The whole listing should be retyped word for word, apart from the pictures it holds.
>>>
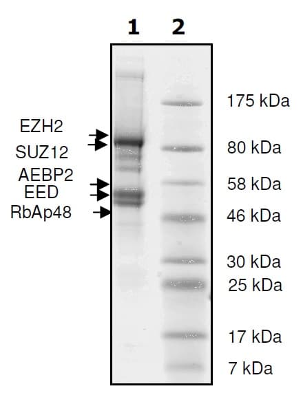 Recombinant Human RBBP4 + EED + SUZ12 + AEBP2 + EZH2 (mutated H689Y) protein (Tagged) is a Human Full Length protein, in the 2 to 746 aa range, expressed in Baculovirus infected Sf9, with >=87% purity and suitable for SDS-PAGE.
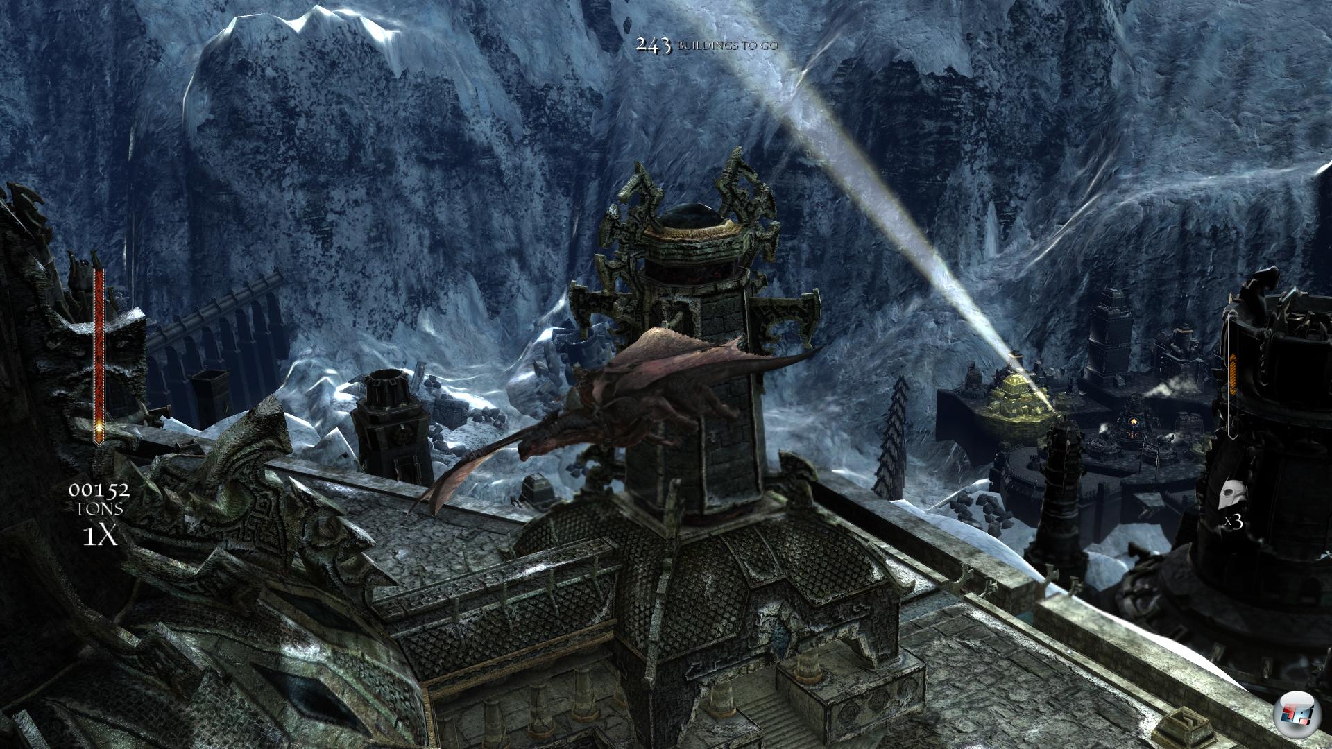 Hat man erstmal ein Ziel fixiert, das dann rot leuchtet, hat man mehrere Möglichkeiten: Wenn ich etwas im Visier habe, kann ich mich z.B. direkt wie ein Flugrammbock auf einen feindlichen Drachen stürzen. Oder ich speie Feuer aus der sicheren Distanz. Ersteres ist unheimlich effektiv, denn es führt zum sofortigen Tod des Gegners; Zweiteres sieht nicht mehr so klasse aus, ist aber ebenfalls nach zwei, drei Treffern tödlich. Besonders beeindruckend werden die Nahkämpfe inszeniert: Bevor es zum Austausch von Bissen und Hieben kommt, müsst ihr andere Echsen über Rammattacken in ein Gefecht
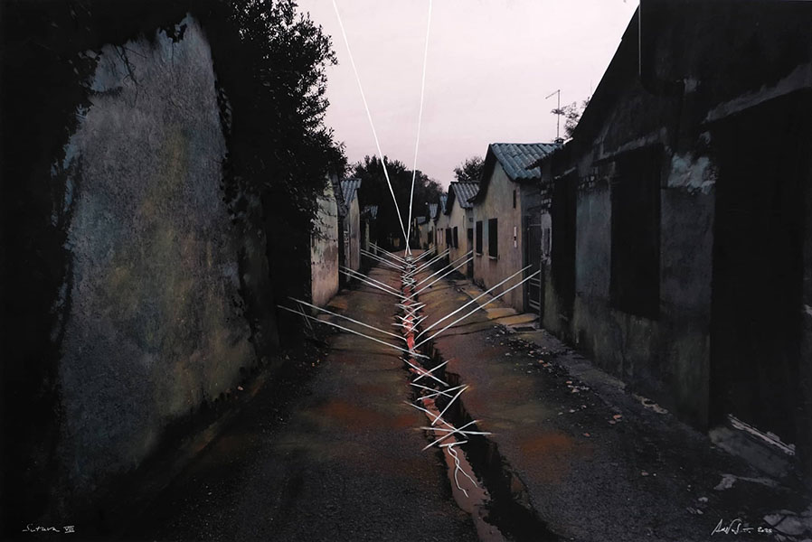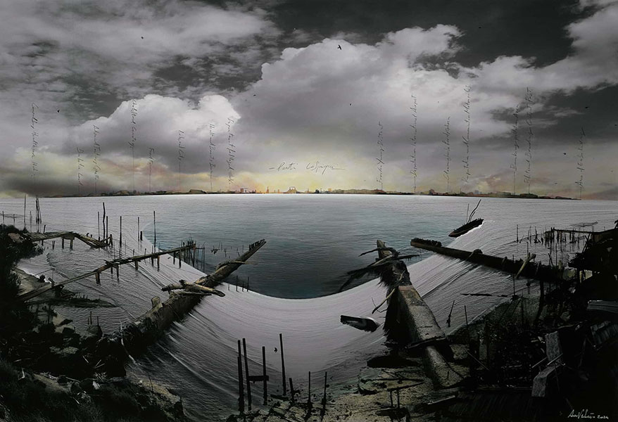 Luoghi/non-luoghi di connessione e ricomposizione, in cui fratture geologiche e geopolitiche diventano punti di contatto, animano i lavori pittorico/fotografici di Alessandro Vascotto in una mostra a cura di Cecilia Donaggio Luzzatto-Fegiz e Guillermo Giampietro organizzata dal collettivo M-ARTE.
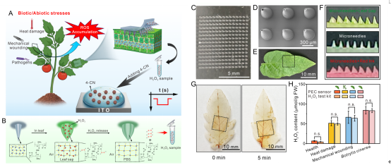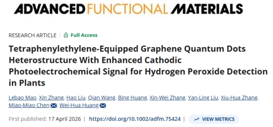 过氧化氢作为植物体内关键的活性氧信号分子,参与调控生长发育、胁迫应答等生理过程,准确监测其含量对解析植物抗逆机制与作物健康管理至关重要。现有植物过氧化氢检测方法主要为荧光成像与电化学技术,但植物组织的自发荧光易产生背景干扰,电化学检测则会受到抗坏血酸、多巴胺等内源电活性物质的干扰,导致检测准确性下降。基于此,yl9193永利集团陈苗苗教授与武汉大学黄卫华教授团队合作,在《Advanced Functional Materials》上发表了植物H2O2光电传感检测新方法,为解决植物应激信号分子检测提供了思路。
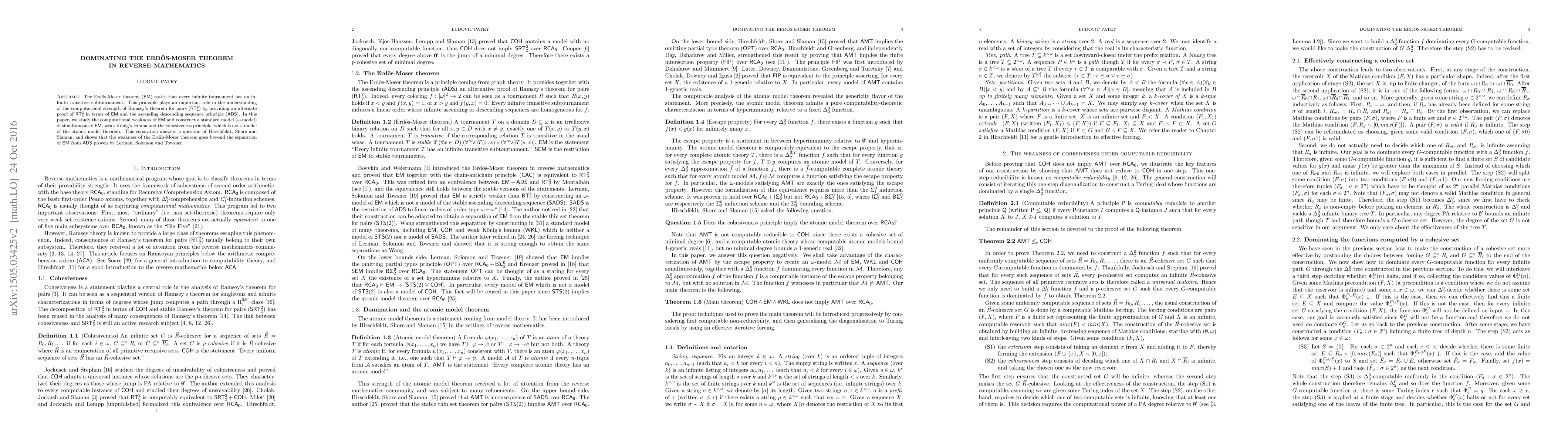 A new study separates the Erdos-Moser theorem from another key principle in reverse mathematics, showing a stronger computational weakness than previously thought. This finding answers a question of Hirschfeldt, Shore, and Slaman about the limitations of the Erdos-Moser theorem.
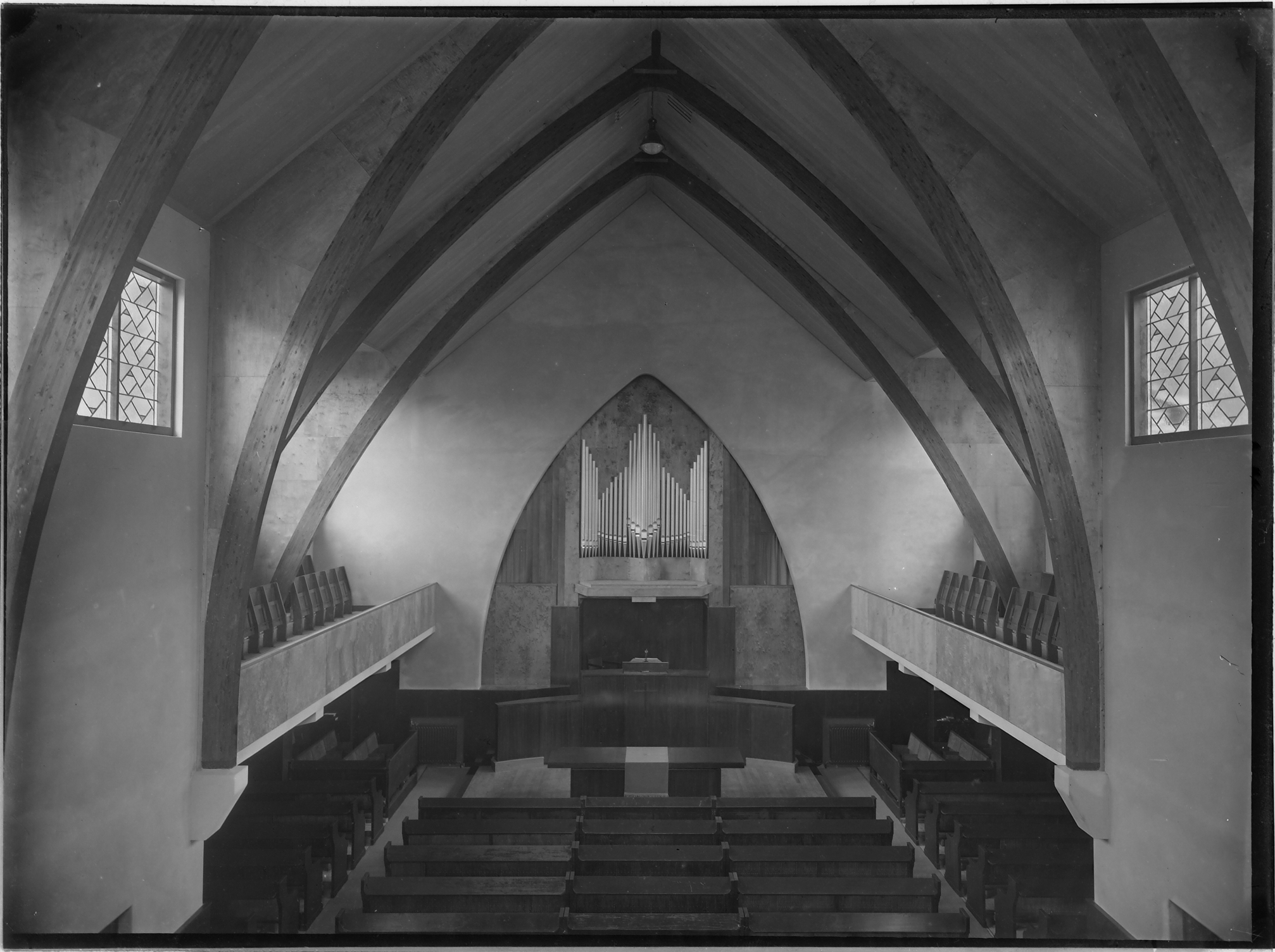 - Interieur kerkgebouw Vrije Evangelische Gemeente aan de Vrieseweg
<<<
• _Written reply_:
 Recombinant Human RBBP4 + EED + SUZ12 + AEBP2 + EZH2 (mutated H689Y) protein (Tagged) is a Human Full Length protein, in the 2 to 746 aa range, expressed in Baculovirus infected Sf9, with >=87% purity and suitable for SDS-PAGE.
 Hat man erstmal ein Ziel fixiert, das dann rot leuchtet, hat man mehrere Möglichkeiten: Wenn ich etwas im Visier habe, kann ich mich z.B. direkt wie ein Flugrammbock auf einen feindlichen Drachen stürzen. Oder ich speie Feuer aus der sicheren Distanz. Ersteres ist unheimlich effektiv, denn es führt zum sofortigen Tod des Gegners; Zweiteres sieht nicht mehr so klasse aus, ist aber ebenfalls nach zwei, drei Treffern tödlich. Besonders beeindruckend werden die Nahkämpfe inszeniert: Bevor es zum Austausch von Bissen und Hieben kommt, müsst ihr andere Echsen über Rammattacken in ein Gefecht
 Luoghi/non-luoghi di connessione e ricomposizione, in cui fratture geologiche e geopolitiche diventano punti di contatto, animano i lavori pittorico/fotografici di Alessandro Vascotto in una mostra a cura di Cecilia Donaggio Luzzatto-Fegiz e Guillermo Giampietro organizzata dal collettivo M-ARTE.
 过氧化氢作为植物体内关键的活性氧信号分子,参与调控生长发育、胁迫应答等生理过程,准确监测其含量对解析植物抗逆机制与作物健康管理至关重要。现有植物过氧化氢检测方法主要为荧光成像与电化学技术,但植物组织的自发荧光易产生背景干扰,电化学检测则会受到抗坏血酸、多巴胺等内源电活性物质的干扰,导致检测准确性下降。基于此,yl9193永利集团陈苗苗教授与武汉大学黄卫华教授团队合作,在《Advanced Functional Materials》上发表了植物H2O2光电传感检测新方法,为解决植物应激信号分子检测提供了思路。
 A new study separates the Erdos-Moser theorem from another key principle in reverse mathematics, showing a stronger computational weakness than previously thought. This finding answers a question of Hirschfeldt, Shore, and Slaman about the limitations of the Erdos-Moser theorem.
 - Interieur kerkgebouw Vrije Evangelische Gemeente aan de Vrieseweg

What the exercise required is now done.